It is important to note that the energy level of the prey, its chances of escape, and its jumping power are all dependent on the number of iterations. As the algorithm progresses through its iterations, these values decrease accordingly.

In the context of the algorithm’s execution, the phase it enters dictates the update of all particle features. Following each particle’s update, redundant features are removed via the Grasp method, and the fitness function is subsequently recalculated. Moreover, during phases where a new feature is generated based on a predefined formula, if the feature value exceeds the specified range or is repetitive, it is replaced by a new feature selected from the highest F-scores. The objective of this methodology is to optimize the search throughout the entirety of the problem space.

At the end of this phase, should an updated hawk exhibit a fitness value superior to that of the prey, it will supplant the prey. Consequently, hawks of the ensuing generations will endeavor to besiege this newly established prey. The accuracy value of each hawk is calculated based on various classification methods. Given that the classification of test and training data varies with each execution, the accuracy of each hawk is calculated five times. The average value is then considered in order to achieve a precise evaluation criterion for each classifier. This approach ensures a robust and accurate assessment of the algorithm’s performance.

To enhance the explorability of the proposed algorithm and to more effectively search the feature space, a pair of superior hawks are selected as parents via the application of crossover and mutation operators. Subsequently, two offspring are generated and replace the two least effective members of the previous generation at the end of each generation. If a redundant feature is produced during the crossover or mutation operation, a random value from the highest F-Score is utilized instead of this feature. This process preserves randomness and helps to search more comprehensively in the problem space. The proposed algorithm is delineated in Algorithm S2 (Supplementary file 1).


Experimental evaluation

This section presents an in-depth examination of the algorithm proposed, ensuring its robustness and applicability. It encompasses an introduction to the datasets employed, the criteria for evaluation, the initialization of parameters, the influence of these parameters on efficiency, and a comparative analysis of classifier accuracy. This meticulous analysis serves to validate the effectiveness and practicality of our research findings.

Datasets

The algorithm proposed herein has been subjected to rigorous testing across multiple datasets. Detailed descriptions of these datasets are as follows.

Colon Dataset: This dataset encompasses 2000 genes across 62 samples, with 40 samples indicative of colon cancer and the remaining 22 deemed normal.

Arcene and Prostate1 Datasets: These datasets comprise 100 and 88 data points, respectively. Each class within these datasets has a high feature count of 10,000 and 12,625, respectively, which is substantial given the limited number of samples.

Diffuse Large B-cell Lymphoma (DLBCL) Dataset: This dataset includes 5469 genes and 77 lymphoma tissue samples. Of these samples, 58 are classified as large cell B, with the remaining 19 identified as Follicular lymphoma.

Lung Dataset: This dataset contains 181 samples, each with 12533 features. It should be noted that there is an imbalance in the number of samples between class 1 and class 2 in this dataset.

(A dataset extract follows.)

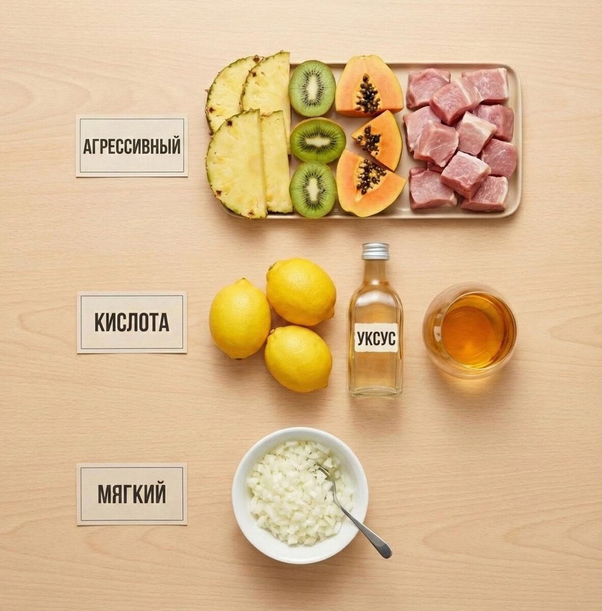 Как это использовать? 🍍 Только что выложил в Инсте ролик про то, как свежий ананас превратил мясо в слизь. Кто не видел - бегом смотреть, там наглядная боль. А здесь, как и обещал, разбираем биохимию процесса, чтобы вы не портили дорогие стейки. 🧪 В чем магия? В ананасе содержится фермент бромелайн. Это протеолитик, он расщепляет белковые связи. Грубо говоря, он работает как ваш желудочный сок, только снаружи. Поэтому у вас щипет губы, когда вы едите свежий фрукт, он буквально снимает с вас верхний слой клеток. В киви работает его брат актинидин. В папайе - папаин. Это «святая троица» убийц мяса. Но есть нюанс: Температура. Ферменты - это белки. При нагревании выше 65-70°C они денатурируют (разрушаются) и перестают работать. Поэтому консервированный ананас (который варили в сиропе) безопасен. Он даст только сахар и вкус. А свежий - активный хищник. 👇 Шпаргалка технолога: Сохраняйте, чтобы не получить «ватное» мясо на Новый год: 1️⃣ ГРУППА «СМЕРТНИКИ» (Ферменты) Кто: Свежий

Dorothea Dataset: This dataset is composed of 800 samples, each with a dimensionality of 10000. An imbalance is observed in the number of samples across the two classes.

Prostate Dataset: This dataset, with a feature count of 12600, includes 77 entries in class 1 and 59 entries in class 2.

Central Nervous System (CNS) Dataset: This dataset comprises 7129 genes and 60 samples. Among these samples, 21 are benign and 39 are malignant.

Leukemia Dataset: This dataset, containing 7129 genes and 72 samples, categorizes blood cancer diseases into two sets: Acute Lymphoblastic Leukaemia (ALL) and Acute Myeloid Leukaemia (AML). The dataset includes 47 ALL and 25 AML samples.

Breast Dataset: This dataset, with a high feature count of 24481, is noteworthy due to the small number of samples.

Evaluation criteria

Different criteria are used to evaluate the proposed algorithm. It should be noted that each criterion demonstrates the strength of the proposed algorithm from a specific point of view.

(16)
accuracy=TP+TNTP+TN+FP+FN
(17)
sensitivity=TPTN+FP
(18)
specificity=TNTN+FP
(19)
BR=sensitivity+specifity2

In the application of feature selection methods, it is imperative to ensure that there is no overlap between the training and test data. Cross-validation (CV) has been identified as an effective technique for partitioning data, which aids in the evaluation of feature selection and classification methodologies. This strategy assesses the effectiveness of the proposed methods based on multiple categories derived from the original dataset.

Initially, the entire dataset is partitioned into k subsets in a random manner for the purpose of training and testing. Throughout k iterations, k-1 subsets are employed for model training, while one subset is set aside for testing. In each iteration, the features and parameters required for testing the model are obtained from the training phase, utilizing samples from the training subsets. The overall effectiveness of the proposed method is then determined based on the outcomes from the k iterations of the training and testing phases.

In this study, we employ the CV method to train and subsequently test classifiers using selected features. The aim is to determine the recognition percentage of test data, with k set to 10. Given that the 10-fold CV method involves the random partitioning of samples into 10 categories, the results can vary depending on the grouping of samples. To mitigate this variability, the samples are randomly divided into 10 groups in an iterative manner, repeating the process 10 times. This approach ensures a more robust evaluation by reducing the influence of the initial grouping on the results.

The final count of features is determined by the average number of selected features, while other criteria are established by averaging the metrics within the selected subset after executing the proposed method 10 times. The performance metrics of the proposed method are also derived from the average of 10-fold CV repetitions.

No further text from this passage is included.